▶ [RECORDS SUPPLIED]:

· · · ·

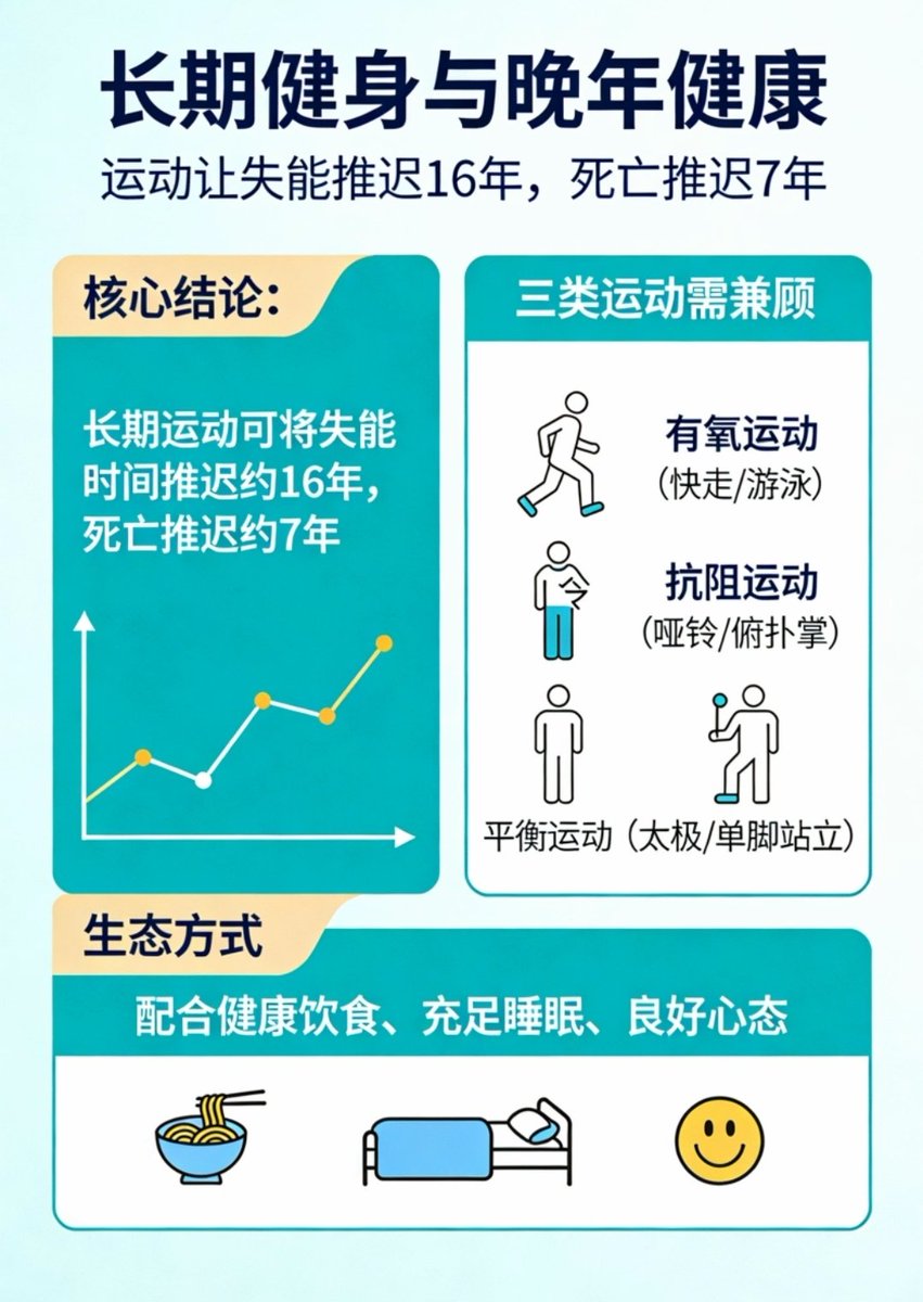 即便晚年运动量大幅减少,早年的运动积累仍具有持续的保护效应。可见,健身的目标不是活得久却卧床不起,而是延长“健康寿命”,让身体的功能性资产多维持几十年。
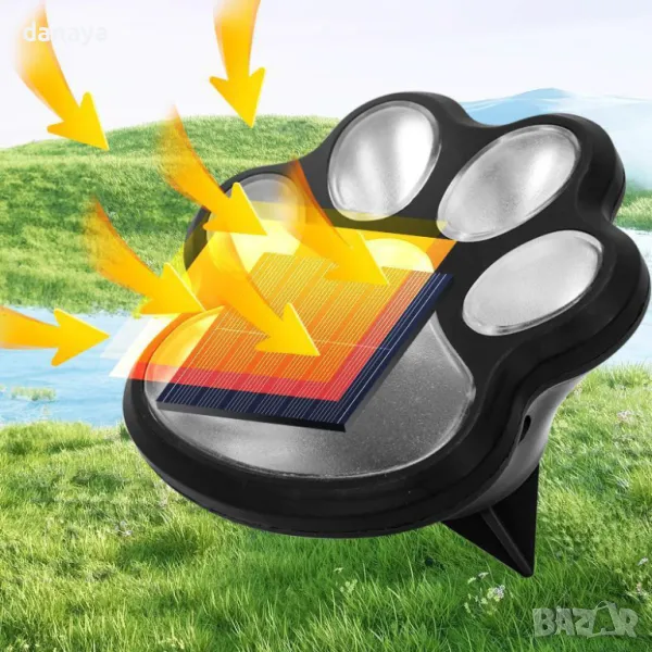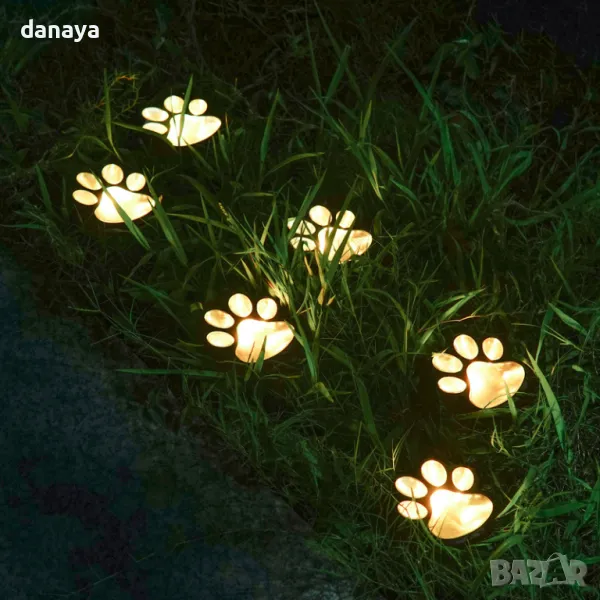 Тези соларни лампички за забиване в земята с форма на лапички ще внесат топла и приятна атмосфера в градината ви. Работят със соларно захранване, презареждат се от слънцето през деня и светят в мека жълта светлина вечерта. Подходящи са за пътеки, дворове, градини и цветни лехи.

· · · ·

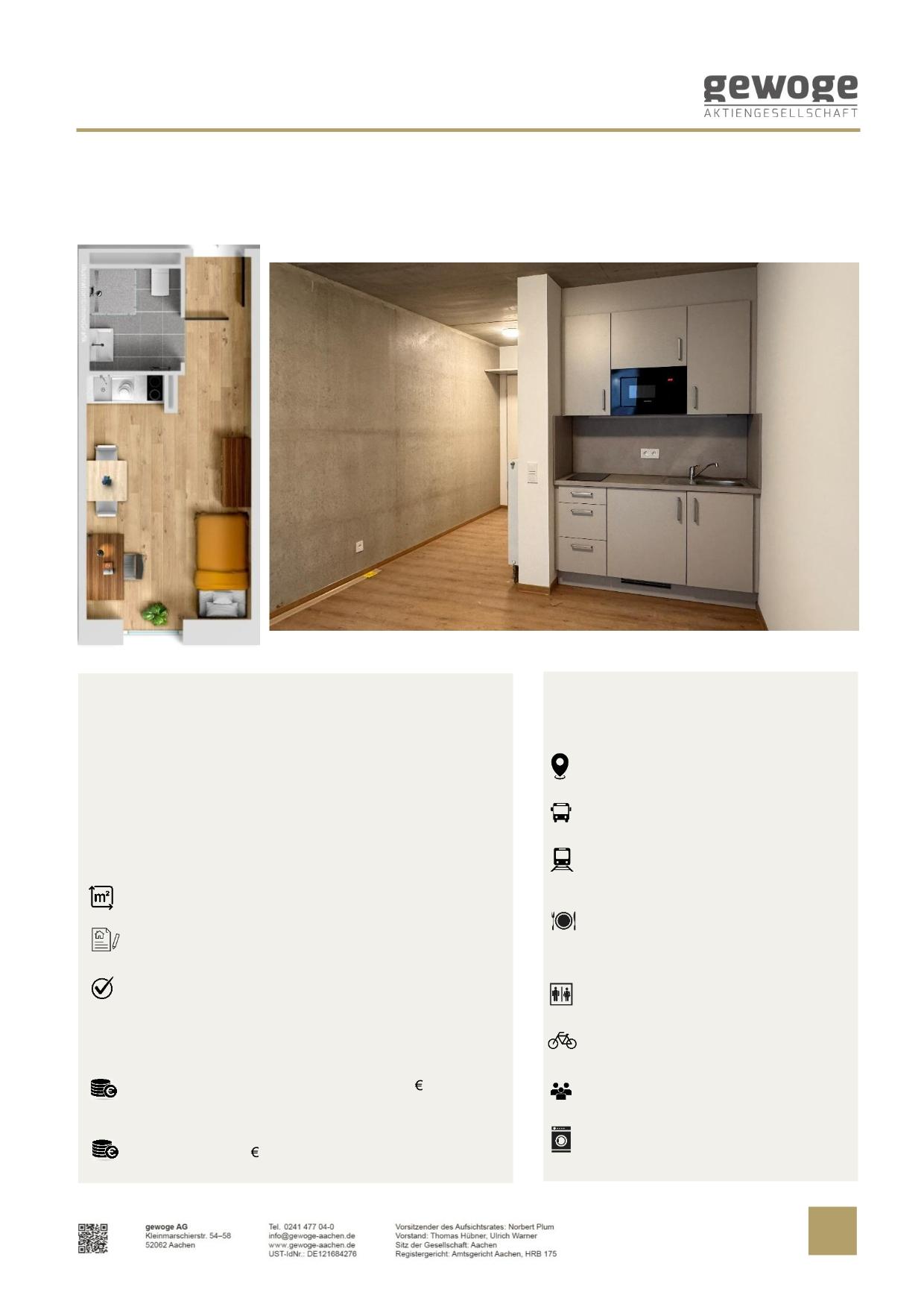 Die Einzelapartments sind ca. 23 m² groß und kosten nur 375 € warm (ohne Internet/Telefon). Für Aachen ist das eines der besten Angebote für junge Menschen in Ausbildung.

· · · ·

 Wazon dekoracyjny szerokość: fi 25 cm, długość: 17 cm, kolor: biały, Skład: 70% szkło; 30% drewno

· · · ·

▶ [TO DO]: An exact copy is needed of the stretch above that opens with the line containing "即便晚年运动量大幅减少,早年" and closes with the line containing "Тези соларни лампички"; the pictures are not part of it.

▶ [ANSWER TO THE PROBLEM]:
 即便晚年运动量大幅减少,早年的运动积累仍具有持续的保护效应。可见,健身的目标不是活得久却卧床不起,而是延长“健康寿命”,让身体的功能性资产多维持几十年。
 Тези соларни лампички за забиване в земята с форма на лапички ще внесат топла и приятна атмосфера в градината ви. Работят със соларно захранване, презареждат се от слънцето през деня и светят в мека жълта светлина вечерта. Подходящи са за пътеки, дворове, градини и цветни лехи.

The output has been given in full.